Сговорились на ближайший день, откладывать было невозможно, опасно, да и к тому же слишком она измучалась.
Вся в поту, Вера теперь сидела в парной, обессиленно прислонившись к влажной горячей стенке.
Она задыхалась. Судорожно, как выброшенная на берег рыба, открывала рот, пыталась вдохнуть воздух, которого не хватало.
Всё сильнее стучало в висках. Глухо и отчаянно, будто раненая сова, ухало сердце.
В парную заглянула Надя. Озабоченно вгляделась в окутанную паром подругу.
— Верунь, выходи! Хватит, сколько можно! Тебе плохо будет! Это не поможет!..
Вера упрямо покачала головой.
Как же так — не поможет?! А что же тогда поможет? Надя же обещала, что всё будет в порядке… Где же он, этот порядок?
Но Надя не отвечала, она вдруг раздвоилась, размножилась и исчезла. Всё куда-то потекло, поплыло перед глазами.
Вера стала медленно заваливаться набок.
Надя бросилась к ней, пытаясь привести в чувство, бесполезно хлопотала, потом тащила из парной ослабевшее, мокрое от пота, выскальзывающее из рук тело.
Глава 20
ПРЕДЛОЖЕНИЕ
В феврале морозы ударили такие, что птицы внезапно замолчали, поисчезали куда-то. Стало тихо и жутковато. В лесу никто уже не галдел, не свиристел, не чирикал. Даже ворон и тех нигде не было видно.

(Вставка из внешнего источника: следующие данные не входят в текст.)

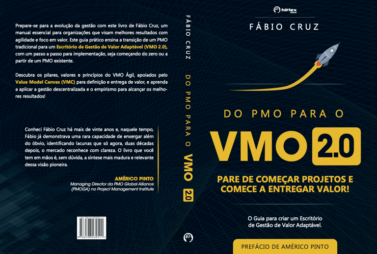 O VMO 2.0 é um framework publicado em um livro que apresenta o passo a passo para criar um VMO do zero ou levar um PMO para o VMO de forma detalhada e com case para referência.
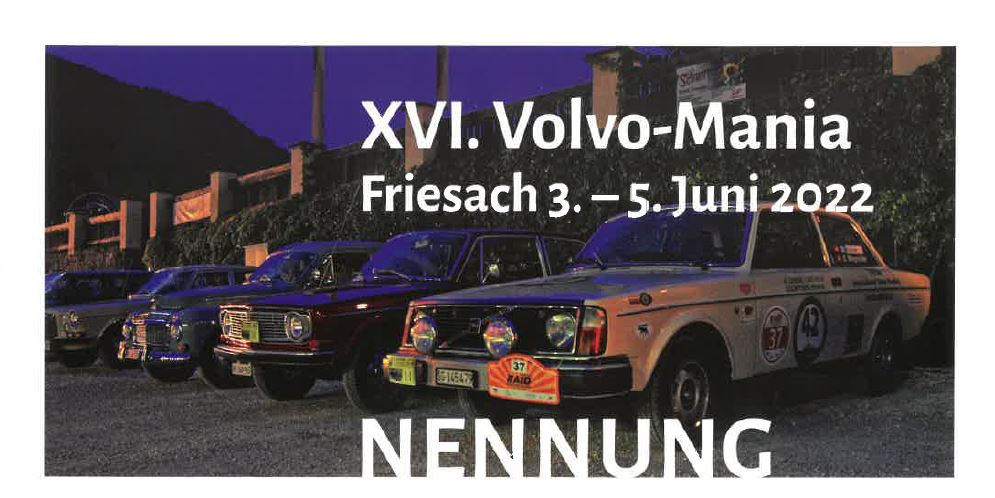 XVI. Volvo-Mania Friesach, Touristische Ausfahrt, 03.06.2022 bis 05.06.2022; Fürstenhof – Fürstenhofplatz 1, 9360 Friesach, VA: Volvo Club Österreich, Ansprechsperson: Hannes G. Unterberger, 0664/437 95 65, office@volvoclub.at
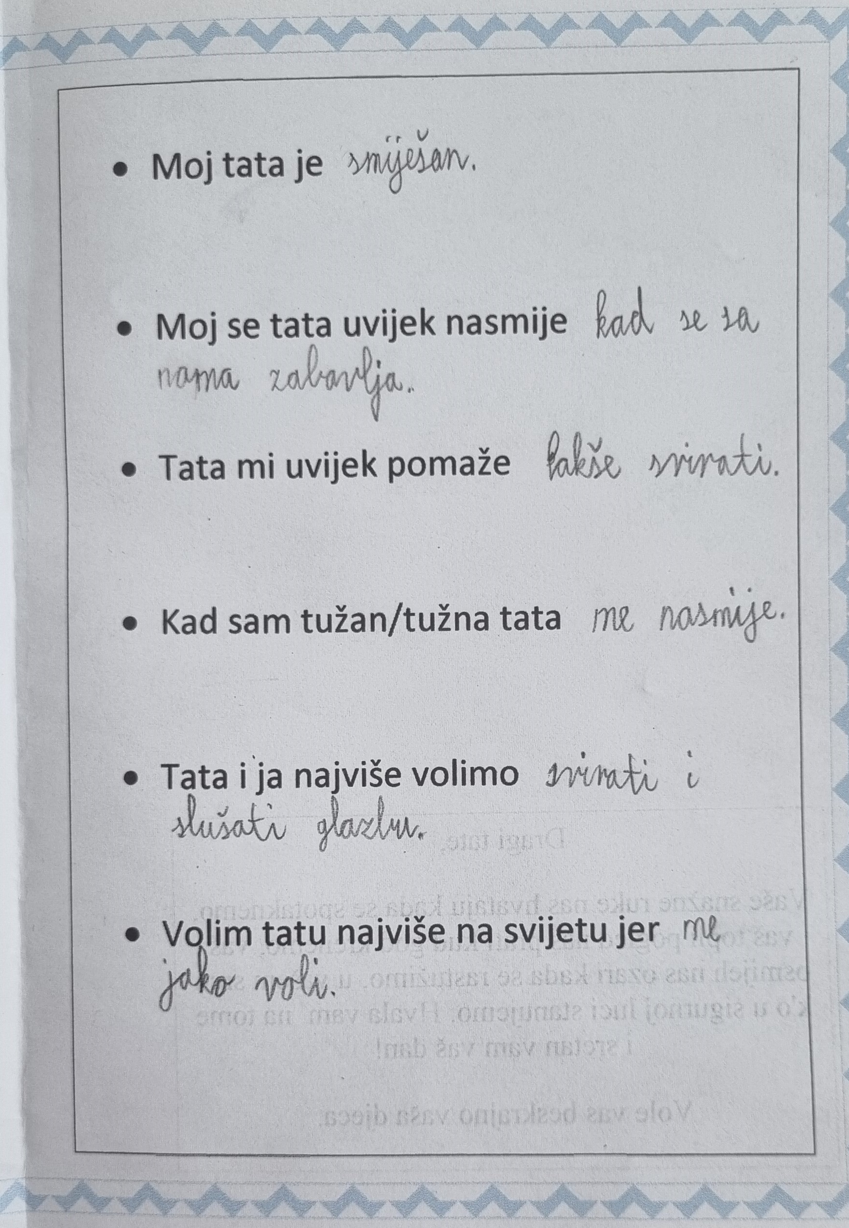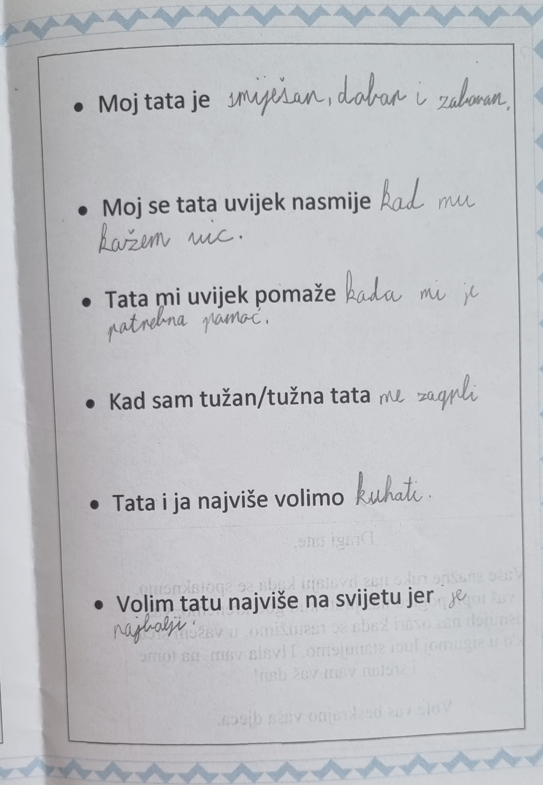 Pjevali smo pjesme "Tata, kupi mi...", "Kad je tata tu...", recitirali...
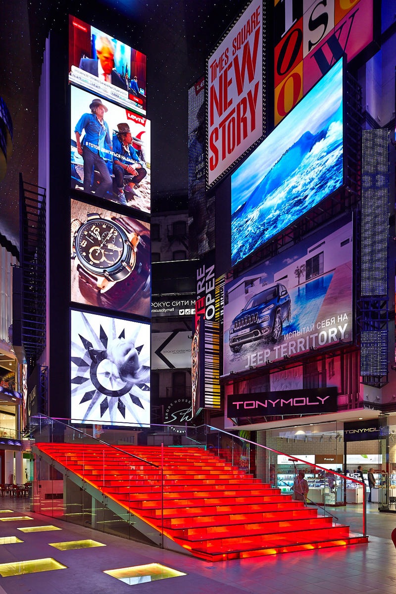 El centro comercial Vegas Crocus City, ubicado en Moscú, ha realizado todo un despliegue audiovisual en HD para recrear la neoyorquina Times Square con una fachada mediática de pantallas LED Color Kinetics de alta definición de Philips, que ha supuesto el mayor proyecto de iluminación de este tipo realizado en Rusia.

Вере почему-то хотелось думать, что они всё-таки улетели, а не просто попрятались. Вырвались отсюда наконец, унеслись далеко-далеко, прыгают сейчас где-то по свободной от ненавистных фрицев земле, перепархивают с ветки на ветку, счастливо переговариваются между собой.
Только она никуда не может деться, обречена на страшное изматывающее ожидание своей неминуемой участи. Только ей суждена эта медленная изощрённая пытка — изо дня в день видеть в зеркало, как неумолимо меняется её тело, как наливаются, созревают её груди, как постепенно округляется её живот.
Вера сидела в комендатуре на своём рабочем месте, печатала очередной еженедельный отчёт, которые Генрих Штольц регулярно отсылал в штаб.
Неожиданно в глазах помутнело, её затошнило. Она быстро налила воды из графина, попыталась запить, но ничего не вышло, тошнота только усиливалась.
Открылась дверь кабинета, вышел комендант, заговорил о чём-то с Петером Бруннером.
Не в силах больше ждать ни секунды, Вера вскочила и бросилась в уборную.
Генрих Штольц внимательно посмотрел ей вслед. Его подозрения, возникшие не так давно, подтверждались всё больше. Он не хотел спешить, торопить события, сначала следовало окончательно убедиться во всём. Но, похоже, дальше уже тянуть нельзя, необходимо срочно объясниться.
Когда первый раз ему пришла в голову мысль о беременности Веры, он (чего уж тут скрывать!) испугался.Совсем не ожидал этого, никак не был готов к рождению их ребёнка.Но чем дольше он об этом думал, тем больше привыкал к этой мысли, тем сильнее она ему нравилась, и теперь он постоянно исподтишка наблюдал за Верой, с жадностью подмечал детали, свидетельствующие в пользу его открытия.
Генрих встал, не спеша прошёл по коридору в конец здания, где находилась уборная, прислонился к стенке, прислушался. Удовлетворённая улыбка появилась на его лице.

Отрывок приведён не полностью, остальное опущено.